Master in Finance | metrics table at end of article
Princeton’s two-year master in finance programme was established in 1998. It is run within the Bendheim Center for Finance, the university’s interdisciplinary research hub. Its typical intake of students is around 30 – deliberately smaller than some larger rivals, says Wendell Collins, programme co-ordinator.
“We’re different in the size and scope. Princeton is a small university; so is the programme. There’s a customised collegial atmosphere where people really get to know each other: the faculty members, alumni mentors. That all translates into a strong alumni network which has been helpful to achieve a high level of career placements.”
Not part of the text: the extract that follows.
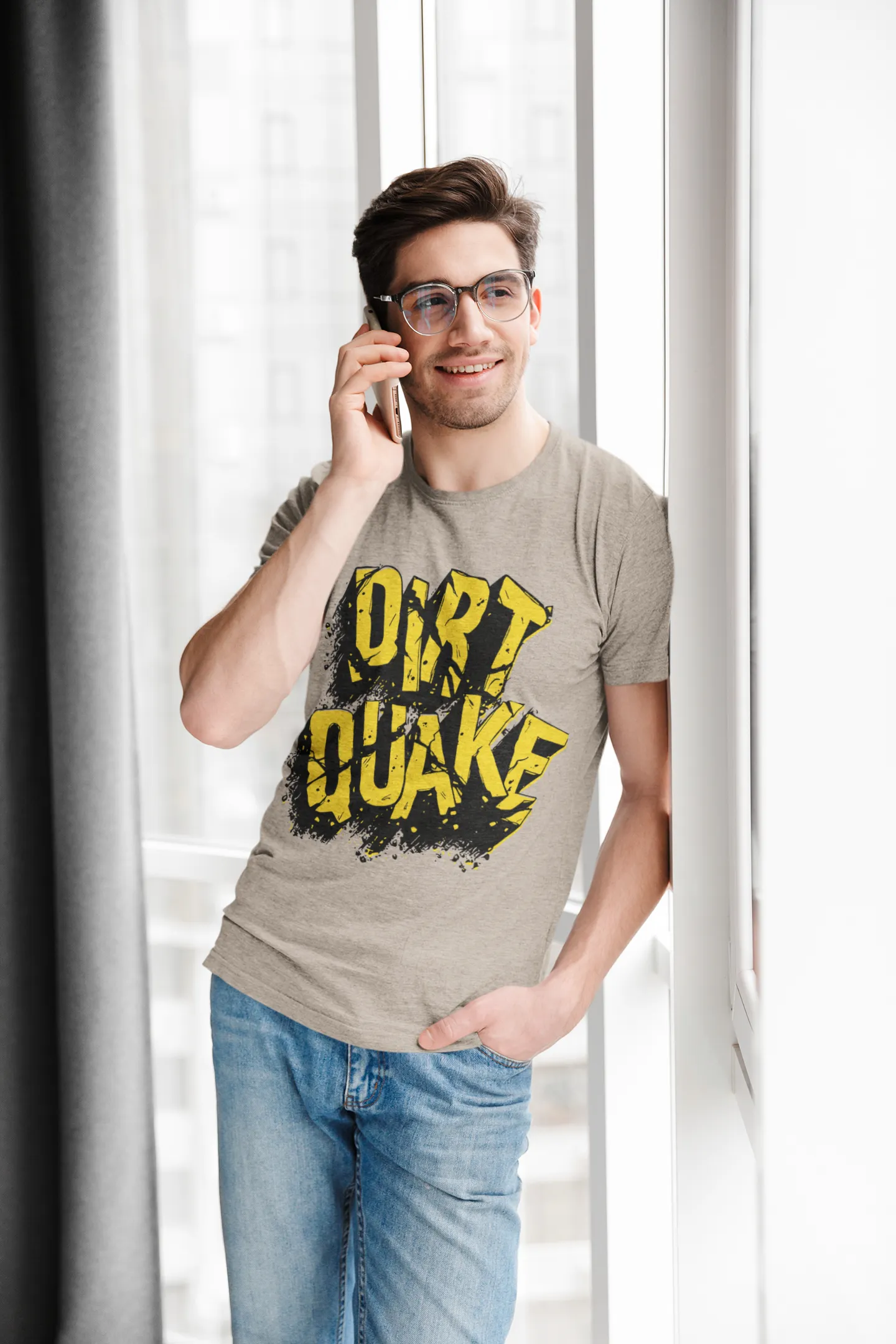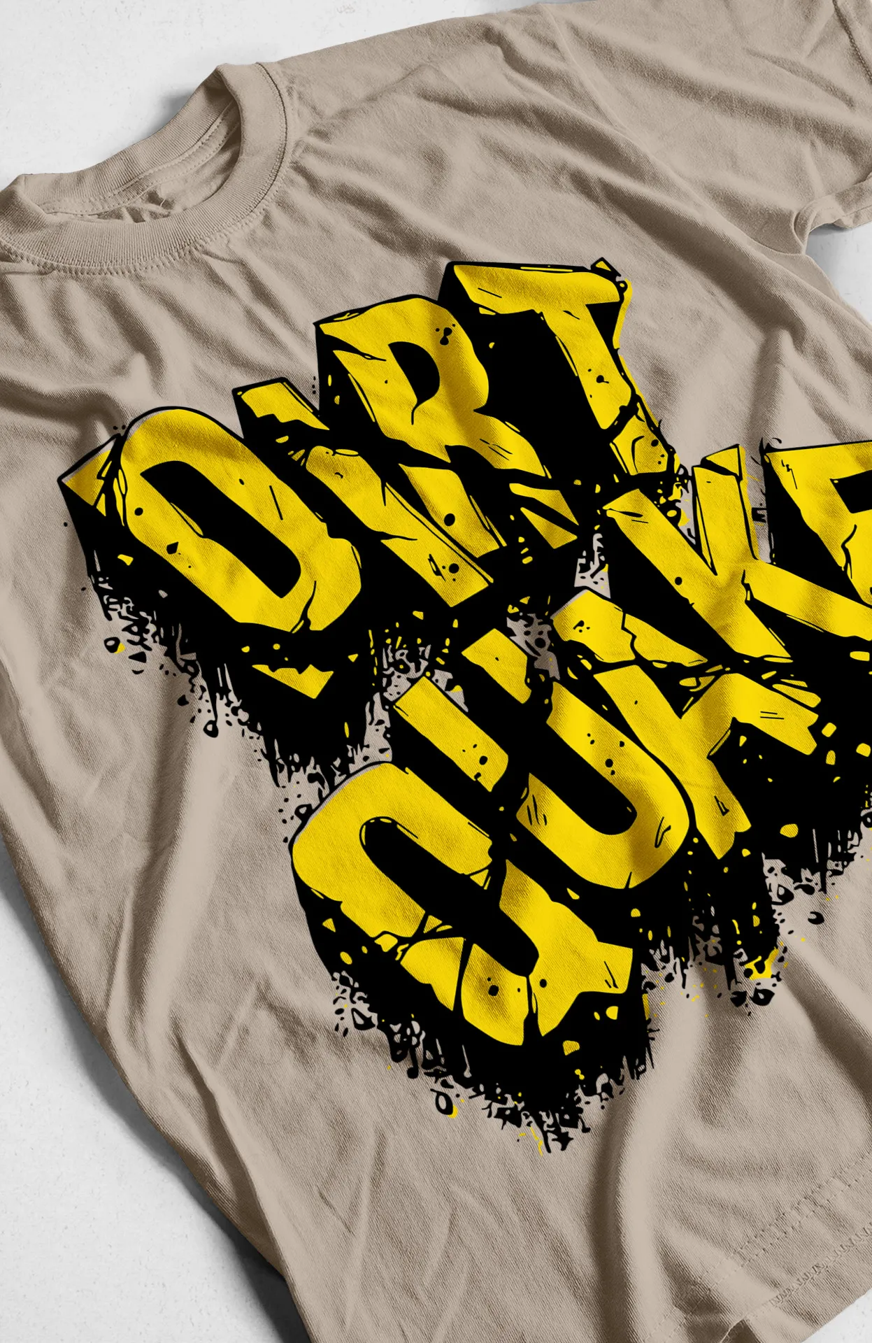 Muestra tu lado audaz y rebelde con nuestra camiseta «Dirtquake». Su diseño de estilo grafitis con letras amarillas desgastadas sobre un fondo gris evoca una imagen de fuerza y adrenalina. Es perfecta para quienes buscan un look que combine la moda urbana con un toque de actitud. Ideal para el uso diario, te asegura un estilo que destaca con personalidad y originalidad.

An industry internship, completed in the summer between the first and second year of studies, is a core component of this degree. Another option is working on a summer research project under the supervision of a faculty member affiliated with the Bendheim Center.
“There’s great flexibility in terms of the types of electives students can take,” says Collins. “They have the five core courses, but then they can take machine learning, artificial intelligence, computer science, public policy, PhD workshops in econometrics.”
The programme draws on the expertise of a number of departments, including the departments of operations research and financial engineering, economics, and computer science. Courses that cover artificial intelligence and machine learning have traditionally been offered by Princeton’s engineering and computer science-focused programmes, but now they’re also available as part of the 11 elective courses offered by the master in finance programme.
The core courses are focused on economics, maths, finance, probability and statistics. Two weeks before the start of the programme, students must attend a mandatory maths refresher course which will help them adapt their existing knowledge of mathematics to the degree requirements.
The programme is regularly reviewed and updated to take account of emerging trends in the financial sector. One of the most recently added courses concentrates on venture capital and technology, with a focus on developments in the fintech field. Princeton held a fintech conference in April, covering topics such as roboadvising, blockchain and big data.
Chad Shampine, who graduated in 2003, is still involved in the programme as a boot camp speaker and an alumni mentor. He currently works as head of foreign exchange swaps and Asian non-deliverable forwards trading at Morgan Stanley in New York. Shampine found the breadth of Princeton’s master’s advantageous when he hit the trading floor.
“A course on corporate finance was very useful; it made it easier to understand things like balance sheets. A basic understanding of regulation was helpful too. Regulation’s not about models and programming: the rules tend to be blunt, and you have to understand how those things fit into the universe that we’re living in,” he says.
Students are expected to graduate with diverse programming skills: they get exposure to C++, R, MatLab and Python.
“During my internship after year one, I found that I was very well prepared; the internship was on a trading desk, where I still am. You learn the languages of the market, how swaps and fixed income work. Knowing how to program made it easier to hit the desk,” says Shampine.
Programming remains a fundamental skill that is essential for a quant role in an investment bank as well as in a buy-side firm, says Collins. “More and more students are interested in working on the buy side, given the regulation of banks. Considering the movement towards systematic and more electronic trading, having quantitative and programming skills has never been more important.”
The programme regularly sends students to the Rotman International Trading Competition at the University of Toronto. They also participate in contests organised by open-source quant fund Quantopian to design and backtest trading algorithms, for a cash prize.